If Jo Swinson has been elected Liberal Democrat leader in 2015 (as it was she lost her seat in the General Election), I’d have said this: “Look at her voting record.” And I might have had a point. The Lib Dems spent five years propping up David Cameron’s austerity-heavy Tory government. They enabled some pretty terrible things, too, and Ms Swinson did indeed vote for them. Today, she really has been elected leader of the Lib Dems and, judging from the Labour Party’s panic-stricken video reply, attacking her voting record, the world really is her lobster.

To deal with the ‘baggage’ question first of all, it is necessary for Ms Swinson to acknowledge that the Lib Dems got a lot wrong when they took jobs in what was known as the coalition. You know what they did, piling the effects of austerity on the poorest and the weakest, supporting the Bedroom Tax, voting for tax cuts to the better off, tripling tuition fees after they promised to abolish them. The facts are inescapable and they need to be addressed head on by the new Lib Dem leader. She needs to say they got these things wrong, she needs to be contrite, she needs, frankly, to apologise. And she needs to address two distinct groups.

Firstly, to those who believed in 2010 that the Lib Dems would act for them, not least the students who were taken in and conned by Nick Clegg. To all those people they made worse off, Ms Swinson must make it crystal clear that they will never, ever be abandoned by the Lib Dems, as they were in 2010.

Secondly, the vast swathes of voters stretching from mainstream Labour to mainstream Conservative, and the centre ground in between the two, need something to believe in. Labour races headlong to the ultra left fringes of politics, controlled by the 57 varieties of Trotsyism, Stalinism and all the other far left ‘isms’, gone forever as a mainstream socialist/social democratic party. The Conservatives, in direct contrast, lurch to the far right, in part to counter the sinister alt right as represented by the likes of Farage, Banks et al as Brexit continues to tear this country apart. Many millions of us have nowhere to go. But if Jo Swinson gets it right, the opportunity to change this country for the better is her prize.

There remains precious little trust in British, or even world, politics. Liars and charlatans from all sides have made sure of that. A choice between Jeremy Corbyn and Boris Johnson is really no kind of choice at all.

The Lib Dems deserved their humiliation in 2015. Their role in Cameron’s austerity-driven government was not so much one of moderation, as some claim, but of enablement.
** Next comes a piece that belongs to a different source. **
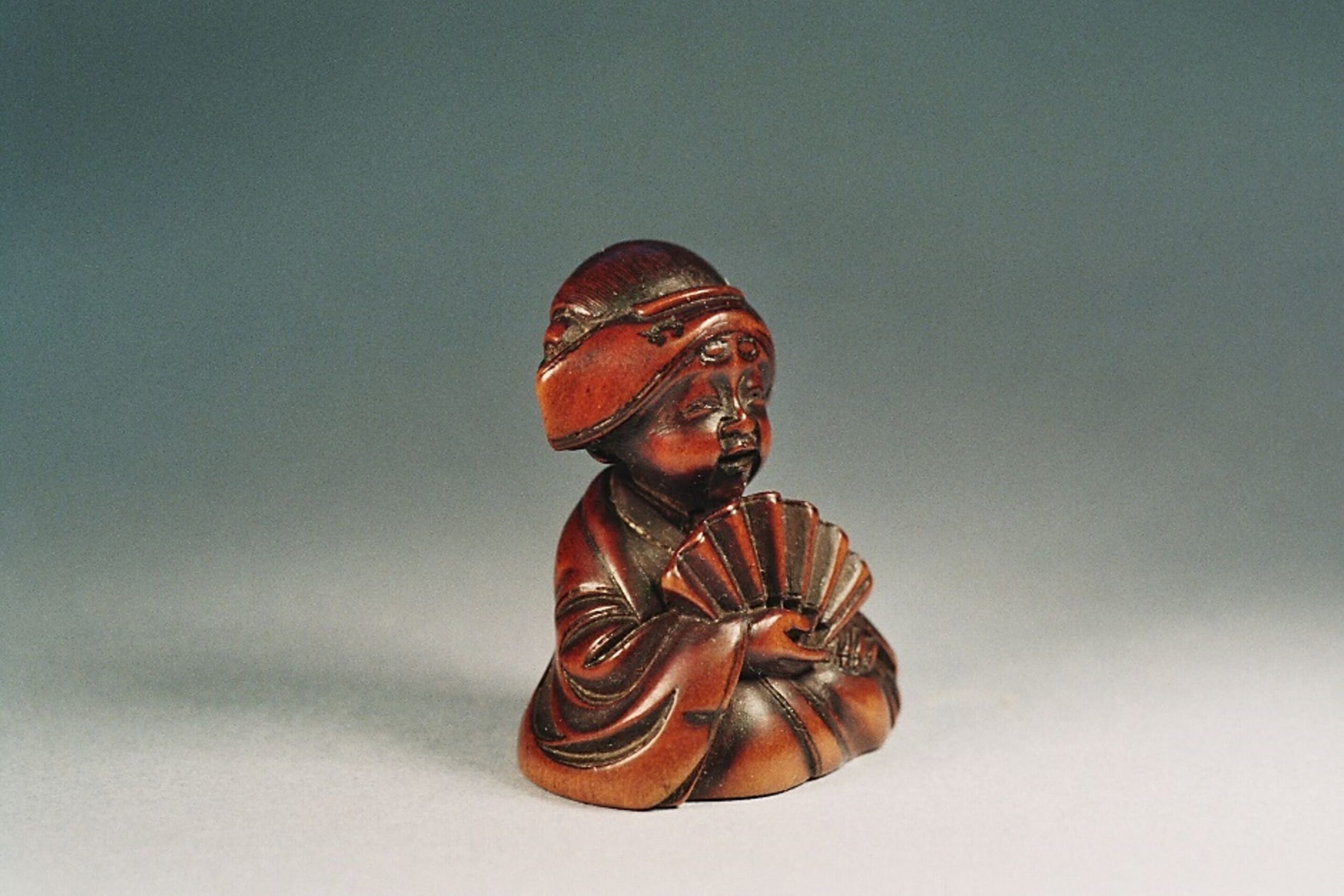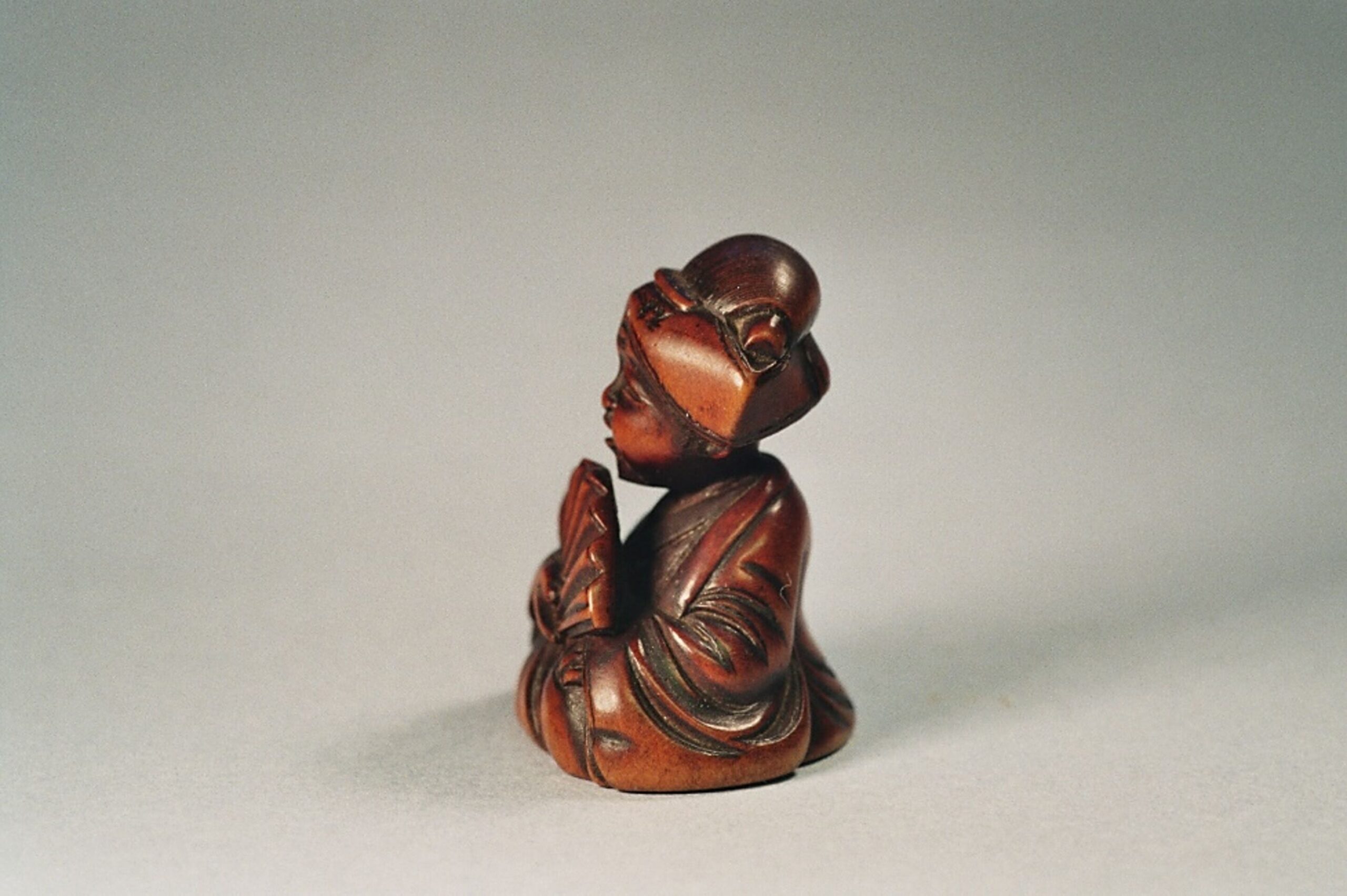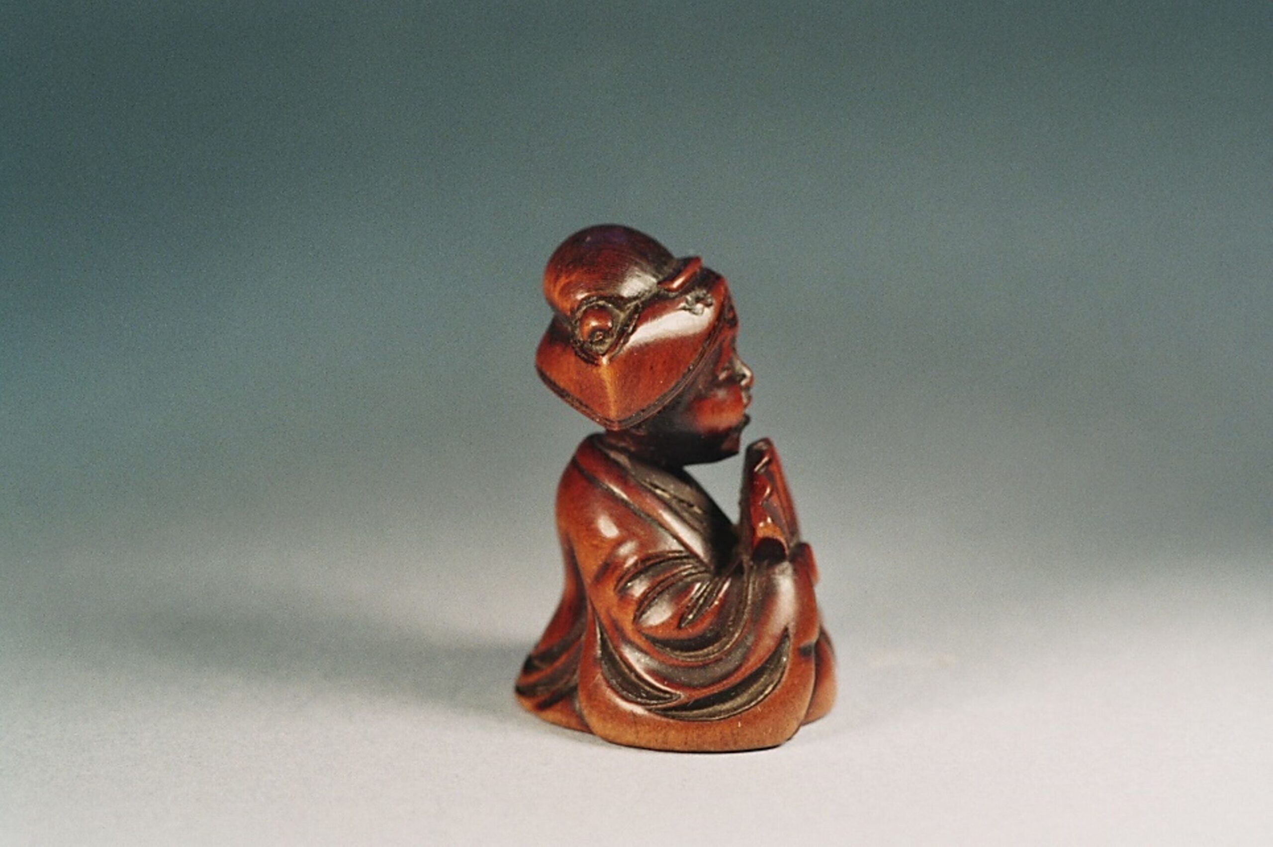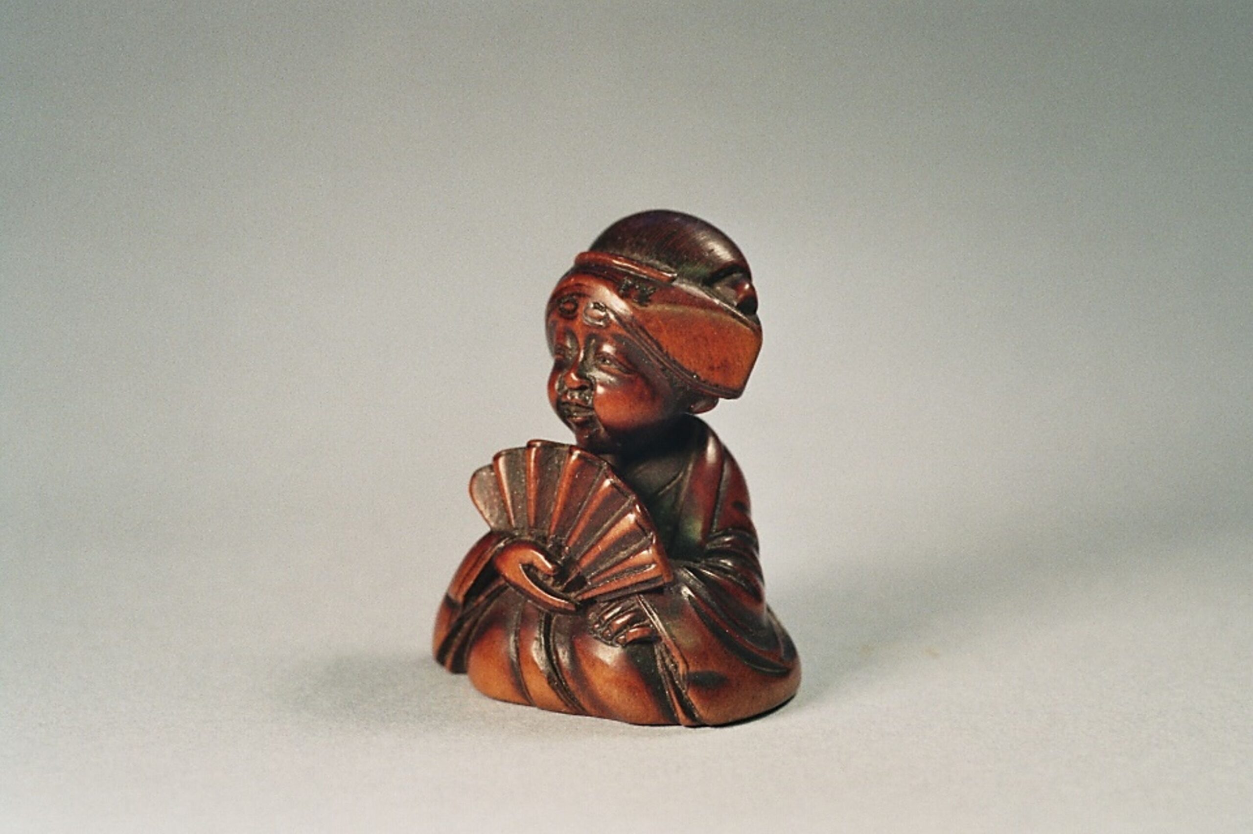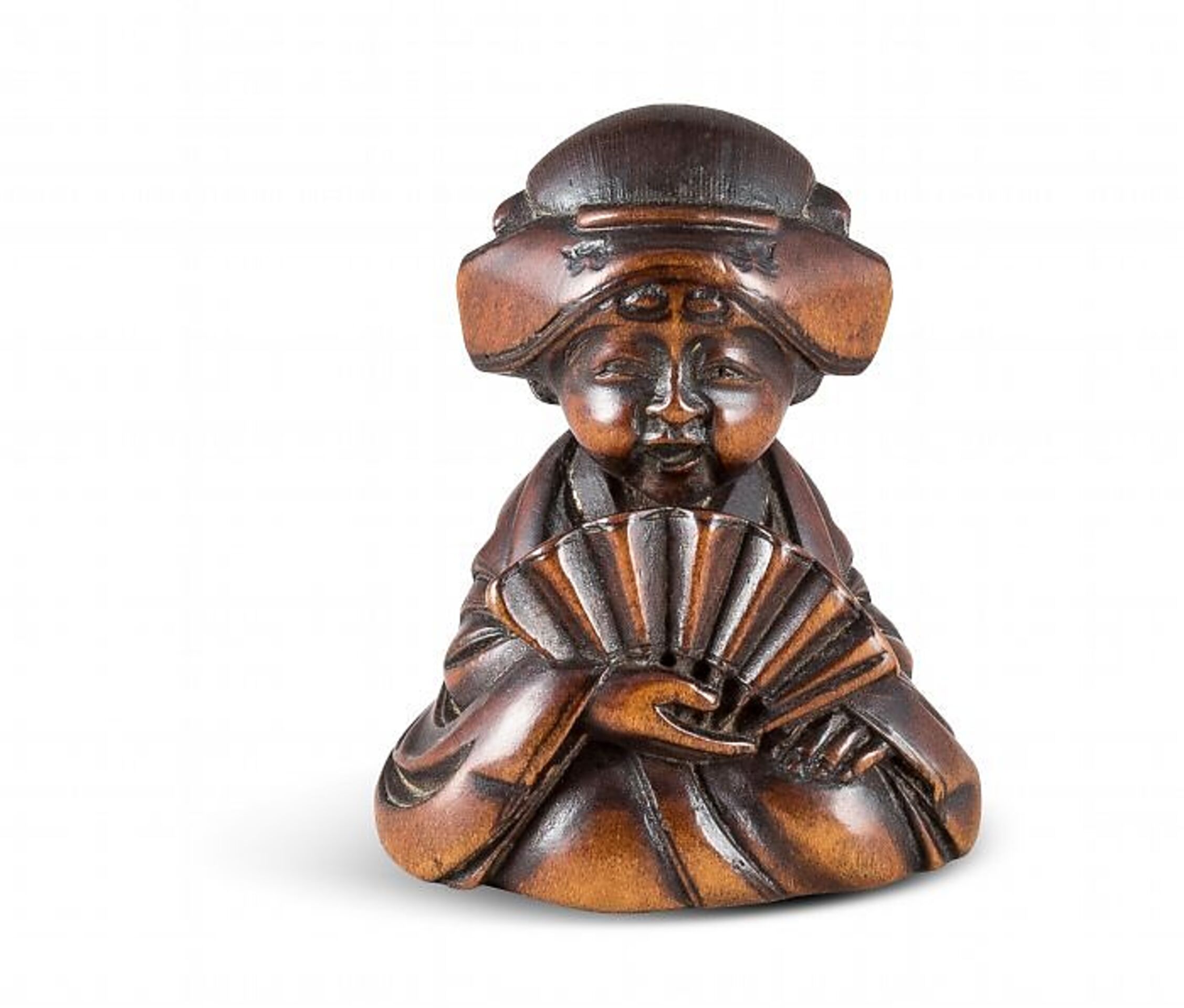 Kleines Holz-Katabori. Kirschholz mit schöner glänzender Patina. Okame als freundliche Braut, kniend im Kimono (deutsch „Anziehding“ von kiru = anziehen und mono = Ding), das traditionelle Tsuno-kakushi-Tuch um die sorgfältig hoch gesteckte Frisur geschlungen. Einen geöffnetem Faltfächer in der Rechten. Unterseitig zwei ungleich grosse, nicht umrandete Himotoshi, das grössere oval und sehr gross. Unterseitig auch die Signatur SHUMIN saku (K220, K299, K233), Höhe 30mm. Alter ca. 1.H.19. Jh.

It does not matter that they were junior partners in the coalition. They allowed things to be done that should never have been done.

But the past has passed and what was done cannot be undone. It is more a matter of how the Lib Dems can convince that they got a lot of things wrong, that they have learned a vital lesson and more so that they will never put themselves in a position where they enable extremist policies to prosper.

The Lib Dems certainly have my vote for the foreseeable future. To keep my vote and to attract the votes of millions of others they need to be honest, they need to be humble and they need to be visionary. And in Jo Swinson, they may have found someone who is all three.